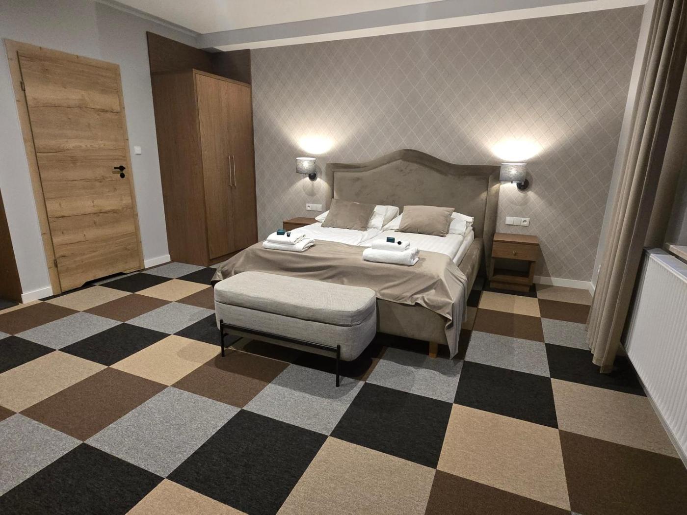 Pokój Dwuosobowy z 1 lub 2 łóżkami. Providing free toiletries, this twindouble room includes a private bathroom with a shower. The twindouble room provides a wardrobe, a sofa, a tiled floor, a flat-screen TV with cable channels, as well as garden views. Pokój Dwuosobowy z 1 lub 2 łóżkami - 2 osobowy. Powierzchnia pokoju ok.: 20 mkw. ;
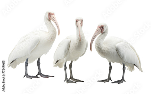 Fototapeta premium Three elegant white pelicans standing in perfect alignment on shore
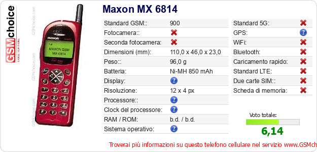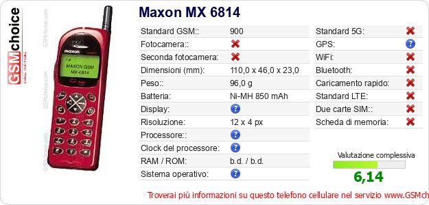 Dati del telefono cellulare Maxon MX 6814 sul tuo sito
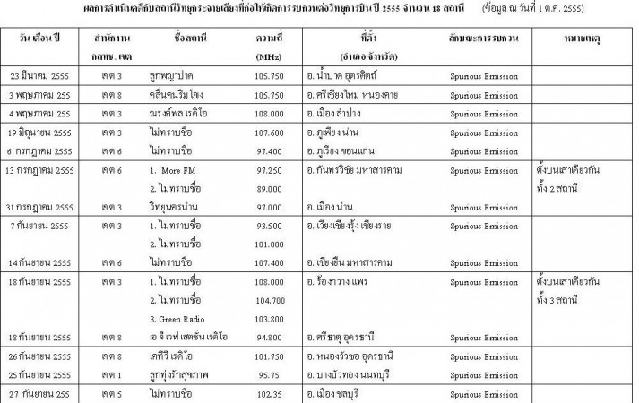10.ไม่ทราบชื่อ 101.0 อ.เวียงเชียงรุ้ง จ.เชียงราย 11.ไม่ทราบชื่อ 107.4 อ.เชียงยืน จ.มหาสารคาม 12.ไม่ทราบชื่อ 108.0 อ.ร้องกวาง จ.แพร่ 13.ไม่ทราบชื่อ 104.7 อ.ร้องกวาง จ.แพร่ 14.Green Radio 103.8 อ.ร้องกวาง จ.แพร่ 15.เอ จี เวฟ สเตชั่น เรดิโอ 94.8 อ.ศรีธาตุ จ.อุดรธานี 16.เคทีวี เรดิโอ 101.75 อ.หนองวัวซอ จ.อุดรธานี 17.ลูกทุ่งรักสุขภาพ 95.75 อ.บางบัวทอง จ.นนทบุรี และ18.ไม่ทราบชื่อ 102.35 อ.เมือง จ.ชลบุรี.
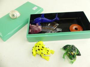 lot of glass animals in dresser box
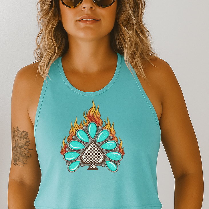 T-Shirt Or Crewneck Hoodie – Turquoise Spade & Flames with Checkered Center Western Rock Vibe
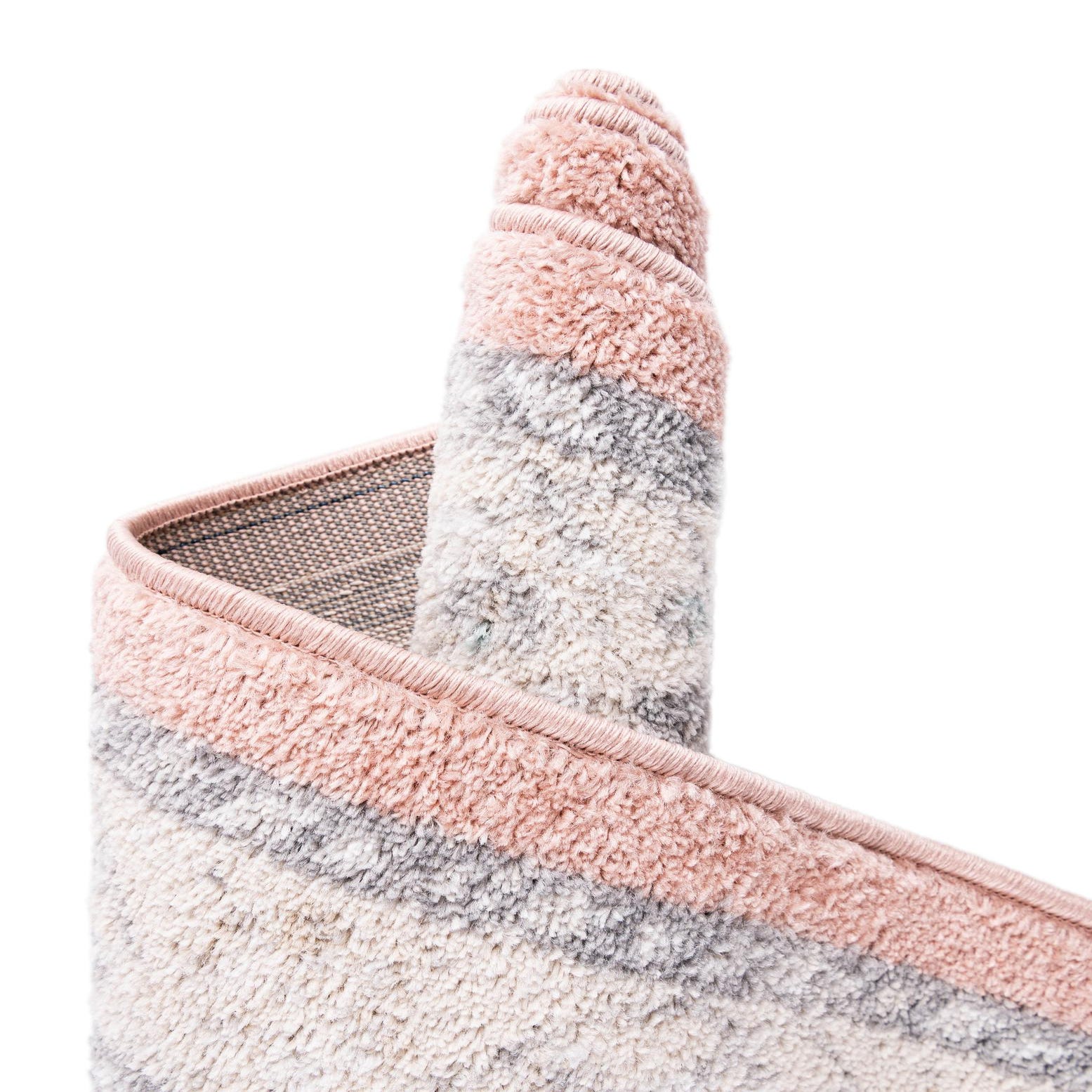 Primary color is Rose. Colors in this rug include: Rose, Beige, Gray, Light Green.
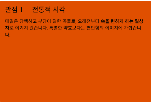 전통적인 식문화 관점에서는 메밀이 담백하고 부담이 덜한 곡물로 여겨져, 차로도 편하게 마셔왔다는 인식이 있습니다.
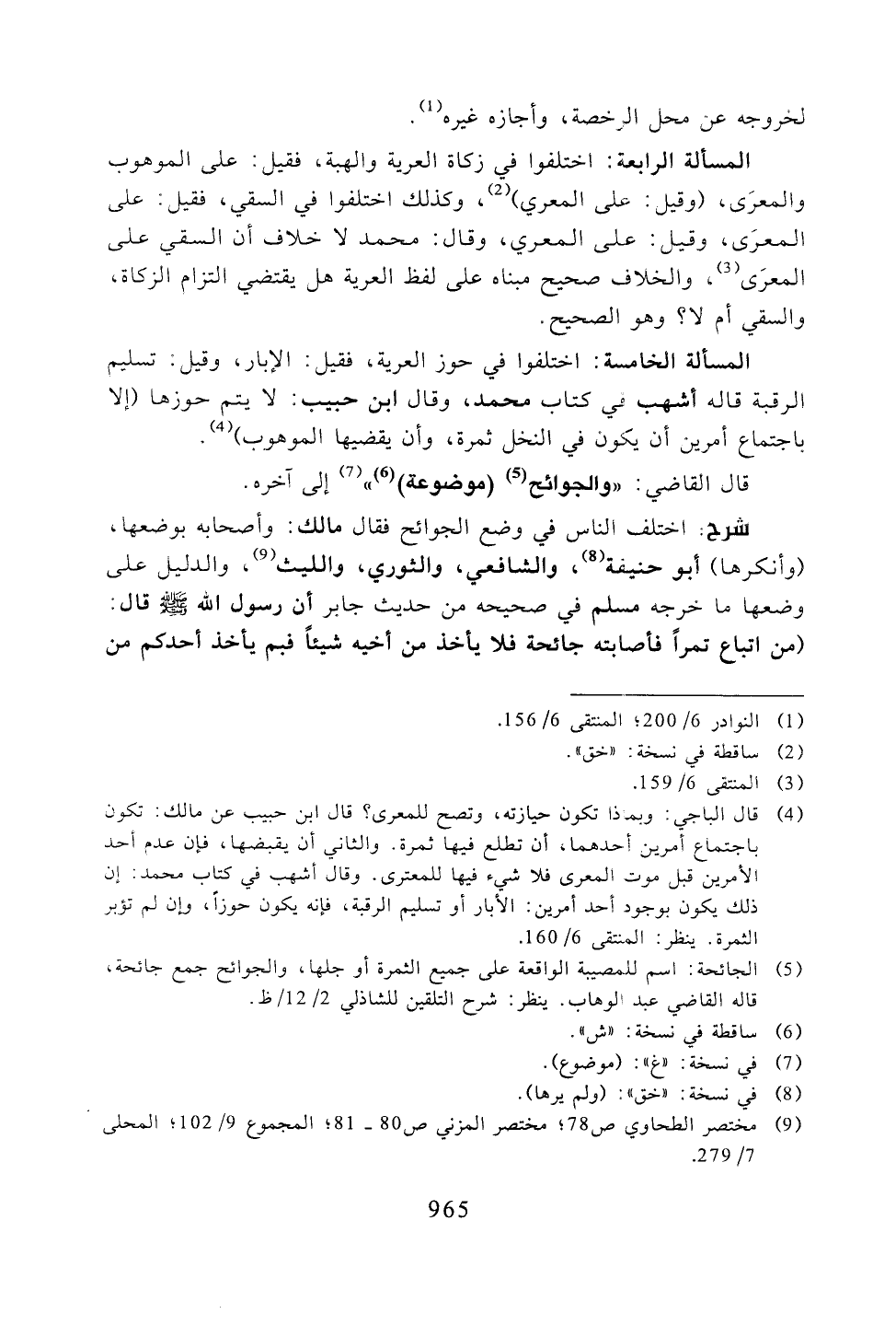 المسألة الرابعة: اختلفوا في زكاة العرية والهبة، فقيل: على الموهوب والمعرى، (وقيل: على المعري)، وكذلك اختلفوا في السقي، فقيل: على المعرى، وقيل: على المعري، وقال: محمد لا خلاف أن السقي على المعرى، والخلاف صحيح مبناه على لفظ العرية هل يقتضي التزام الزكاة، والسقي أم لا؟ وهو الصحيح.
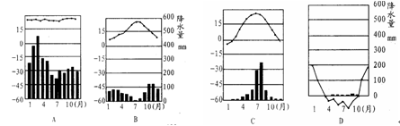 (1)比较A、D两种气候类型在分布地区上的差异。(4分)
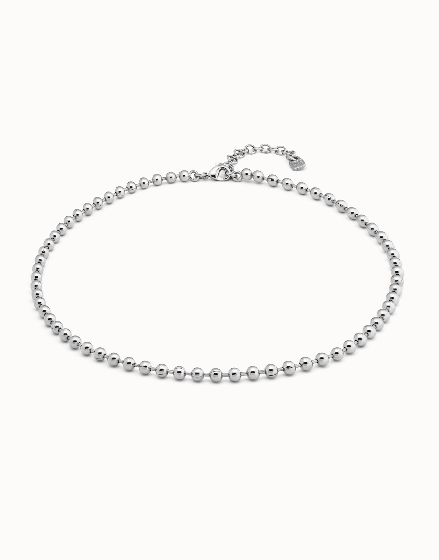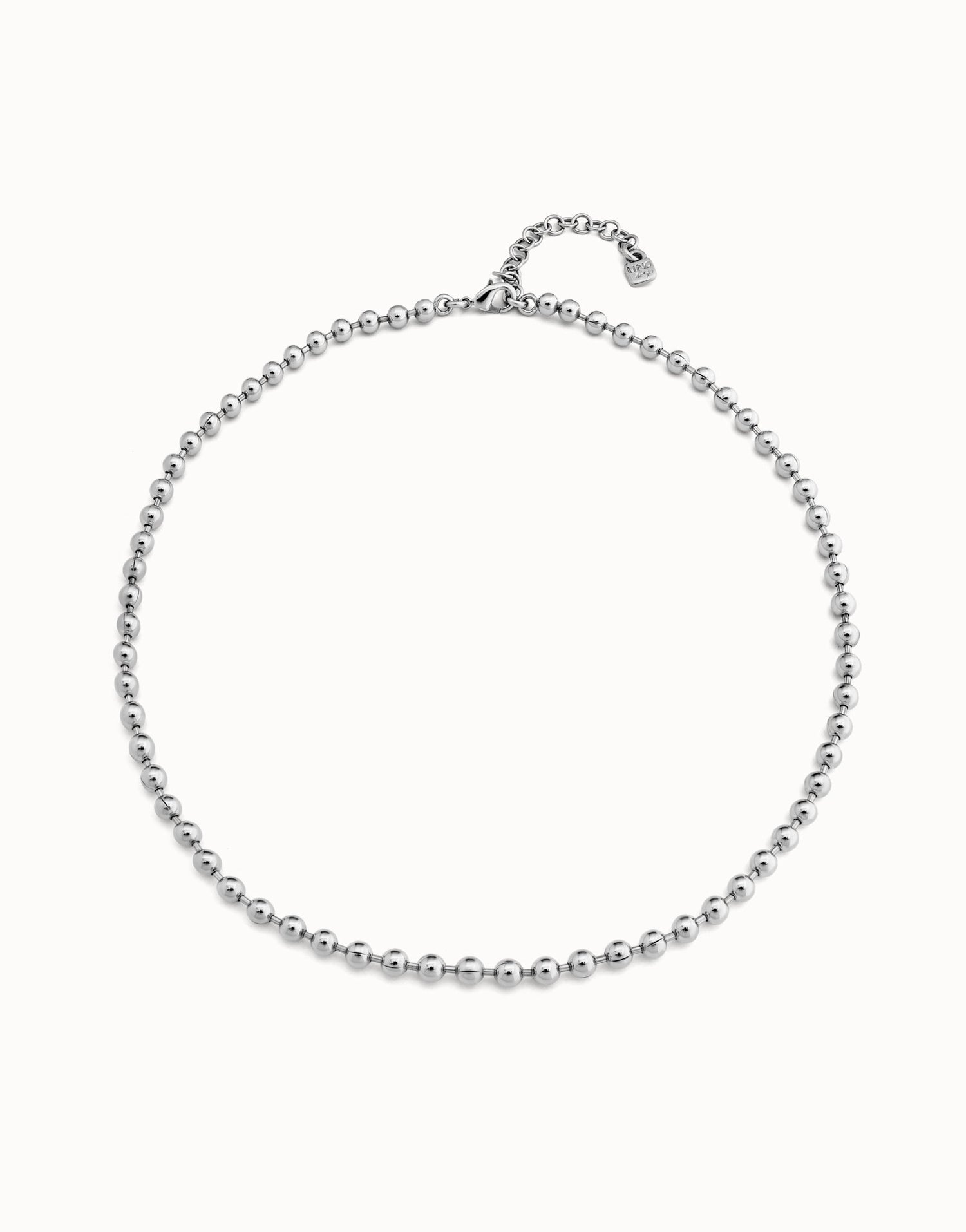 This Beaded Chain Necklace by UNOde50 is a versatile and refined accessory, featuring small sterling silver-plated links and an extensible carabiner clasp. Handmade in Spain, it reflects meticulous craftsmanship and allows for customization by pairing with charms from the Personalización collection. Perfect for layering or wearing alone, it conveys elegance, individuality, and contemporary sophistication. Its delicate yet resilient design ensures everyday wearability while maintaining a polished, artisanal finish, making it an essential piece for those seeking both modern style and timeless UNOde50 quality.
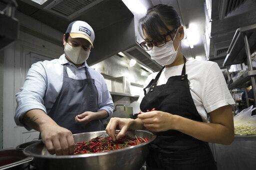 Volunteers of COVID Thailand Aid, Chef Chalee Kader, left, from Thailand, and Chef Saki Hoshino from Japan prepare chili for "pad krapow gai", the spicy minced chicken for the railway-side community at Bo.lan restaurant in Bangkok, Thailand, Wednesday, June 10, 2020. Thailand's Natalie Bin Narkprasert, who runs a business in Paris, was stranded in her homeland by a flight ban, so she decided to use her skills to organize the network of volunteers, including Michelin-starred chefs, to help those in her homeland whose incomes were most affected by the pandemic restrictions. (AP Photo/Sakchai Lalit)
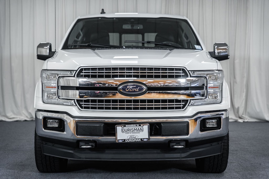 PANORAMIC ROOF / DUAL SUNROOFS / TWIN PANEL MOONROOF, POWER MOONROOF / SUNROOF / POWER TILT SLIDING ROOF, VOICE ACTIVATED NAVIGATION, NAVIGATION / GPS / NAV, BLIS / BLIND SPOT MONITORING / BLIND SIDE ALERT, DYNAMIC RADAR CRUISE CONTROL / ADAPTIVE CRUISE CONTROL / SMART CRUISE CONTROL, REARVIEW CAMERA / BACK UP CAMERA / REVERSE CAMERA, REAR VIEW CAMERA WDYNAMIC GUIDELINES, ANDROID AUTO & APPLE CARPLAY, LEATHER SEATS, HEATED & COOLED FRONT ROW SEATS, HEATED FRONT ROW SEATS, HEATED SECOND ROW SEATS, POWER WINDOWS & LOCKS, FOUR WHEEL DRIVE / 4WD / 4X4, STEERING WHEEL AUDIO CONTROLS, CRUISE CONTROL, SYNC 3, REMOTE START, PUSH-BUTTON START, POWER TAILGATE LOCK, POWER SLIDING REAR WINDOW, BLUETOOTH AUDIO STREAMING, HEATED STEERING WHEEL, ECO BOOST ENGINE, DUAL ZONE A/C CONTROLS, BLUETOOTH, BACK UP SENSORS, B&O SOUND SYSTEM, AUTO HIGH BEAMS, 36 GALLON TANK / 36 GAL TANK, 145" WHEELBASE, 110V/400W Outlet, 2nd Row Heated Seats, 3.55 Axle Ratio, 4-Wheel Disc Brakes, ABS brakes, Adaptive Cruise Control, Air Conditioning, Auto High-beam Headlights, Automatic temperature control, BLIS Blind Spot Information System, Brake assist, Chrome 2-Bar Grille w/4 Minor Bars, Chrome Angular Step Bars, Chrome Door & Tailgate Handles w/Body-Color Bezel, Chrome Skull Caps on Exterior Mirrors, Compass, Driver door bin, Electronic Stability Control, Equipment Group 502A Luxury, Extended Range 36 Gallon Fuel Tank, Exterior Parking Camera Rear, Front dual zone A/C, Front reading lights, Fully automatic headlights, GVWR: 6,600 lbs Payload Package, Heated front seats, Heated Steering Wheel, Lariat Chrome Appearance Package, Leather-Trimmed Bucket Seats, LED Sideview Mirror Spotlights, Low tire pressure warning, Navigation System, Power driver seat, Power Glass Sideview Mirr w/Chrome Skull Caps, Power steering, Power Tilt/Telescoping Steering Column w/Memory, Power windows, Quad Beam LED Headlamps & LED Taillamps/Fog Lamps, Radio: AM/FM Stereo w/6 Speakers, Radio: B&O Sound System by Bang & Olufsen, Rain-Sensing Wipers, Rear window defroster, Remote keyless entry, Remote Start System w/Remote Tailgate Release, Reverse Sensing System, Single-Tip Chrome Exhaust, SiriusXM Radio, Speed control, Speed-sensing steering, Split folding rear seat, Steering wheel mounted audio controls, SYNC 3, Traction control, Twin Panel Moonroof, Universal Garage Door Opener, Variably intermittent wipers, Ventilated front seats, Wheels: 18" Chrome-Like PVD, Windshield Wiper De-Icer. 2019 Ford F-150 Lariat Adaptive Cruise Pano Roof 4WD White Platinum Metallic Tri-Coat 2.7L V6 EcoBoost

- - - - -

Everything from the line above that contains "Primary color is" down to the line that contains "Volunteers of COVID" must be reproduced exactly, both ends included. Omit the pictures.

 Primary color is Rose. Colors in this rug include: Rose, Beige, Gray, Light Green.
 전통적인 식문화 관점에서는 메밀이 담백하고 부담이 덜한 곡물로 여겨져, 차로도 편하게 마셔왔다는 인식이 있습니다.
 المسألة الرابعة: اختلفوا في زكاة العرية والهبة، فقيل: على الموهوب والمعرى، (وقيل: على المعري)، وكذلك اختلفوا في السقي، فقيل: على المعرى، وقيل: على المعري، وقال: محمد لا خلاف أن السقي على المعرى، والخلاف صحيح مبناه على لفظ العرية هل يقتضي التزام الزكاة، والسقي أم لا؟ وهو الصحيح.
 (1)比较A、D两种气候类型在分布地区上的差异。(4分)
 This Beaded Chain Necklace by UNOde50 is a versatile and refined accessory, featuring small sterling silver-plated links and an extensible carabiner clasp. Handmade in Spain, it reflects meticulous craftsmanship and allows for customization by pairing with charms from the Personalización collection. Perfect for layering or wearing alone, it conveys elegance, individuality, and contemporary sophistication. Its delicate yet resilient design ensures everyday wearability while maintaining a polished, artisanal finish, making it an essential piece for those seeking both modern style and timeless UNOde50 quality.
 Volunteers of COVID Thailand Aid, Chef Chalee Kader, left, from Thailand, and Chef Saki Hoshino from Japan prepare chili for "pad krapow gai", the spicy minced chicken for the railway-side community at Bo.lan restaurant in Bangkok, Thailand, Wednesday, June 10, 2020. Thailand's Natalie Bin Narkprasert, who runs a business in Paris, was stranded in her homeland by a flight ban, so she decided to use her skills to organize the network of volunteers, including Michelin-starred chefs, to help those in her homeland whose incomes were most affected by the pandemic restrictions. (AP Photo/Sakchai Lalit)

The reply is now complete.